- **Provided material**:
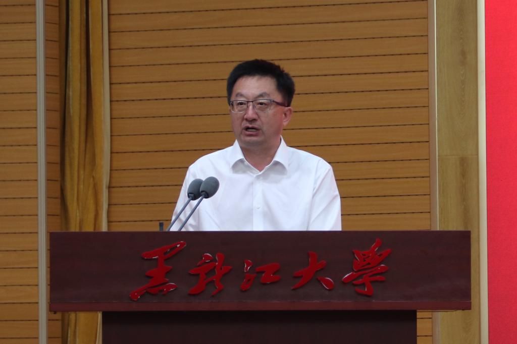 校黨委副書記李君明在致辭中介紹了黑龍江大學的發展歷程。他指出,黑大是一所擁有光榮革命傳統的高校,學校如今取得的發展成就離不開黑大人對延安精神、抗戰傳統持之以恒的堅守與傳承。英雄是中華民族的脊梁,英雄事跡和精神是激勵廣大師生前行的強大力量。他表示,本次活動能夠進一步培育廣大學子的愛國之情、筑牢廣大學子的強國之志,希望廣大師生能夠牢記烈士們的無私奉獻和大無畏的犧牲精神,傳承革命英雄的紅色故事,大力弘揚社會主義核心價值觀,為實現中華民族偉大復興而努力奮進。
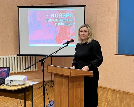 В актовом зале колледжа прошёл информационный час, посвященный Дню Октябрьской революции и Международному дню борьбы с буллингом. Перед учащимися выступили педагогические работники Валуй М.В., которая напомнила о причинах революции, и Мирзикян Ю.О., которая рассказала обучающимся о современных и эффективных методах борьбы с проявлением буллинга в молодёжной среде.
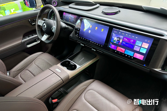 精灵#5提供8种车身色和6种内饰色,座舱配备10.3英寸液晶仪表、25.6英寸AR-HUD、零重力座椅、双13英寸大屏(带副驾屏)和隐藏式出风口,下方取消实体按键,科技感更强。车机搭载AMD V2000高算力芯片,内置smart OS 2.0系统,拥有近2倍于主流高通8295的数据处理能力,提供24GB大运行内存,更强大流畅。
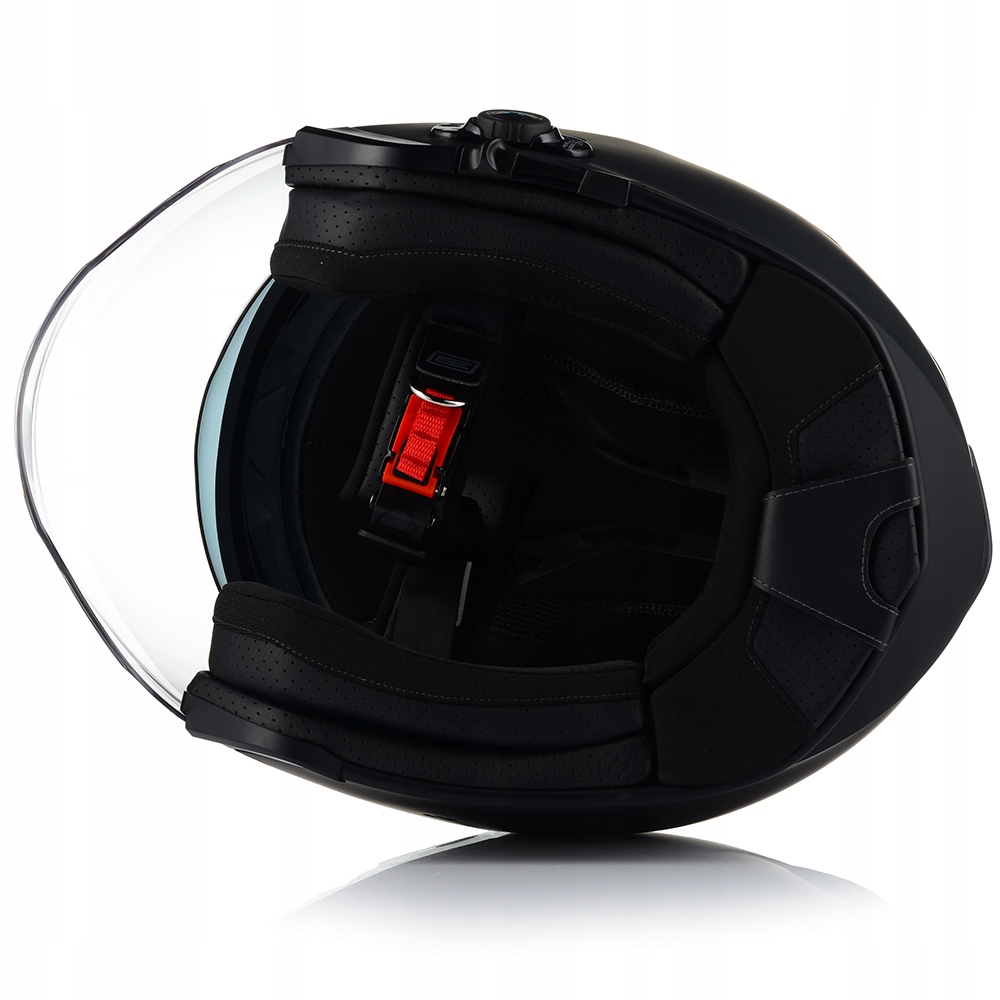 характеризується винятково довгим склом, що забезпечує високий комфорт подорожі. Видошукач виготовлено зі стійкого до подряпин матеріалу, а його поверхня відбиває УФ-промені. Щоб їзда в сонячний день не була проблемою, шолом оснащений сонцезахисним козирком, який можна витягнути одним швидким рухом руки. Без проблем це можна зробити, не знімаючи мотоциклетних рукавичок.

- **Description of the task**: Return the listing above in full and without alteration, excluding its pictures.

- **Response**:
 校黨委副書記李君明在致辭中介紹了黑龍江大學的發展歷程。他指出,黑大是一所擁有光榮革命傳統的高校,學校如今取得的發展成就離不開黑大人對延安精神、抗戰傳統持之以恒的堅守與傳承。英雄是中華民族的脊梁,英雄事跡和精神是激勵廣大師生前行的強大力量。他表示,本次活動能夠進一步培育廣大學子的愛國之情、筑牢廣大學子的強國之志,希望廣大師生能夠牢記烈士們的無私奉獻和大無畏的犧牲精神,傳承革命英雄的紅色故事,大力弘揚社會主義核心價值觀,為實現中華民族偉大復興而努力奮進。
 В актовом зале колледжа прошёл информационный час, посвященный Дню Октябрьской революции и Международному дню борьбы с буллингом. Перед учащимися выступили педагогические работники Валуй М.В., которая напомнила о причинах революции, и Мирзикян Ю.О., которая рассказала обучающимся о современных и эффективных методах борьбы с проявлением буллинга в молодёжной среде.
 精灵#5提供8种车身色和6种内饰色,座舱配备10.3英寸液晶仪表、25.6英寸AR-HUD、零重力座椅、双13英寸大屏(带副驾屏)和隐藏式出风口,下方取消实体按键,科技感更强。车机搭载AMD V2000高算力芯片,内置smart OS 2.0系统,拥有近2倍于主流高通8295的数据处理能力,提供24GB大运行内存,更强大流畅。
 характеризується винятково довгим склом, що забезпечує високий комфорт подорожі. Видошукач виготовлено зі стійкого до подряпин матеріалу, а його поверхня відбиває УФ-промені. Щоб їзда в сонячний день не була проблемою, шолом оснащений сонцезахисним козирком, який можна витягнути одним швидким рухом руки. Без проблем це можна зробити, не знімаючи мотоциклетних рукавичок.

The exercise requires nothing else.